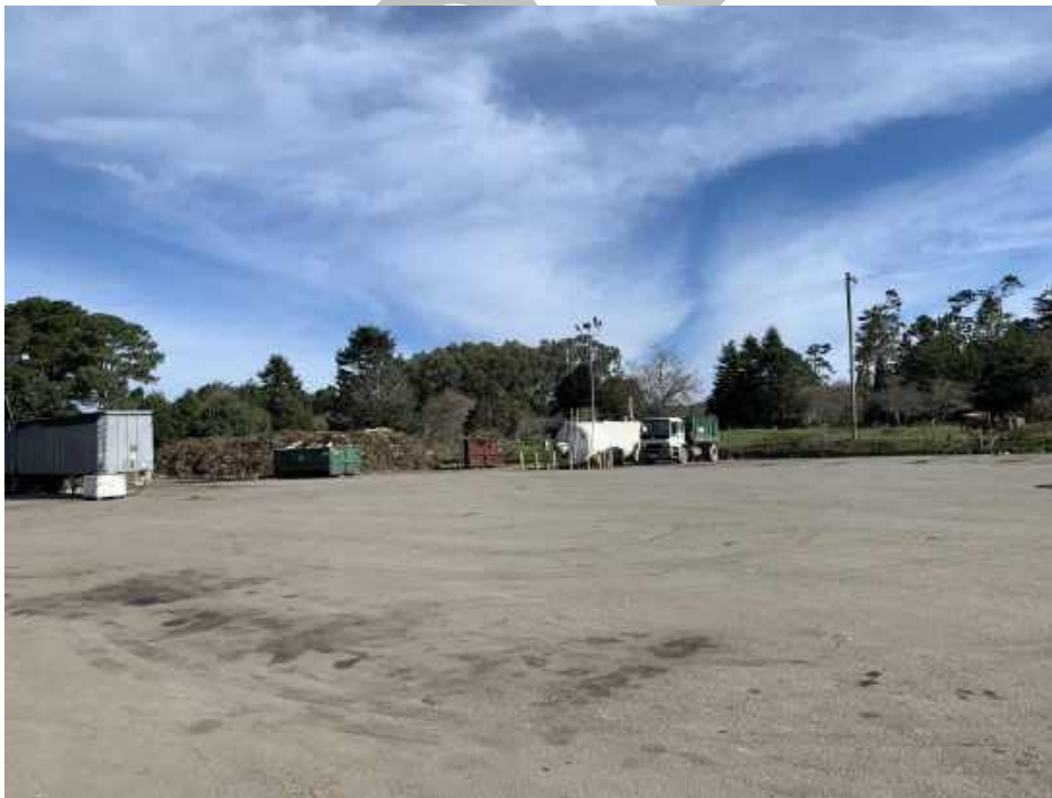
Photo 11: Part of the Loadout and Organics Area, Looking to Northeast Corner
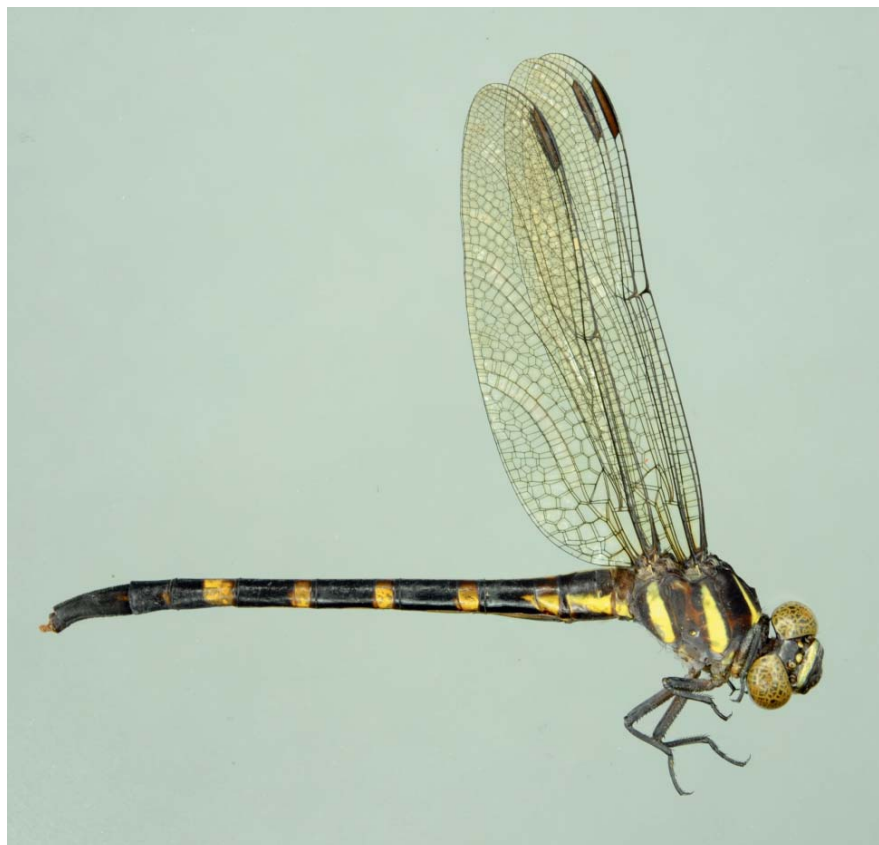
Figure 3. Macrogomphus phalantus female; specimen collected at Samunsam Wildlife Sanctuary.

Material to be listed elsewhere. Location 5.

──────────

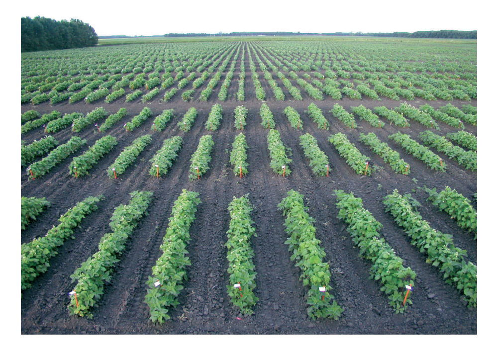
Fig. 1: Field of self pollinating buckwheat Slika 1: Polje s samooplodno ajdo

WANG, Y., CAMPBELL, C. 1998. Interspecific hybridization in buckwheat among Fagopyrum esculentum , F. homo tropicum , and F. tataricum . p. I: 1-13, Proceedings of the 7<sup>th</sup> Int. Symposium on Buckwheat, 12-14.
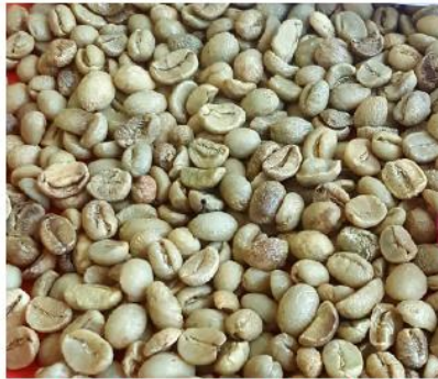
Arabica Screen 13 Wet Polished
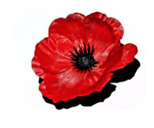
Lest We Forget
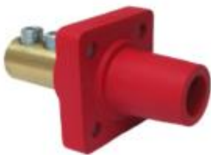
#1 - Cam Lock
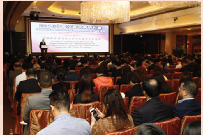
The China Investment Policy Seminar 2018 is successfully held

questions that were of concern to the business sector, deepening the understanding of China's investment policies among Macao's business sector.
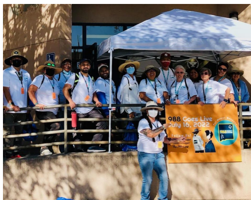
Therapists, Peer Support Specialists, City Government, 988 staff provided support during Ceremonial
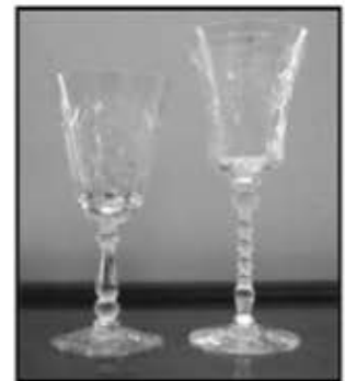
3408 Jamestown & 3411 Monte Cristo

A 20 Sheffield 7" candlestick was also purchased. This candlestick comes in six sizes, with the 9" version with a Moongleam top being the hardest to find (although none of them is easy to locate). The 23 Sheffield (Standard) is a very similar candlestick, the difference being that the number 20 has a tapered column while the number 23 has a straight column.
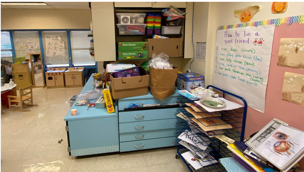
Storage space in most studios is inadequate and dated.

──────────

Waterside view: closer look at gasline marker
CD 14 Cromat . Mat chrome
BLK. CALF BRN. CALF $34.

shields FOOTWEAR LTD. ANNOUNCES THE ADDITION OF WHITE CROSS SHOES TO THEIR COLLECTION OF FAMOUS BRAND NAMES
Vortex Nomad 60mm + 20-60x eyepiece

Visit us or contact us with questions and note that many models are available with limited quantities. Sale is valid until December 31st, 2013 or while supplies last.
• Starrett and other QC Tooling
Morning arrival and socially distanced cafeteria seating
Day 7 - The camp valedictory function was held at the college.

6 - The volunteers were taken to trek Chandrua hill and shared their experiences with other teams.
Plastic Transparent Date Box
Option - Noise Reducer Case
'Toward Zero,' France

──────────

PROBLEM DESCRIPTION> In the records above, find the line containing "Photo 11: Part" and the line containing "Material to be listed elsewhere. Location 5.", then give both of them again word for word along with every line between. Omit any pictures.

RESPONSE AREA>
Photo 11: Part of the Loadout and Organics Area, Looking to Northeast Corner
Figure 3. Macrogomphus phalantus female; specimen collected at Samunsam Wildlife Sanctuary.

Material to be listed elsewhere. Location 5.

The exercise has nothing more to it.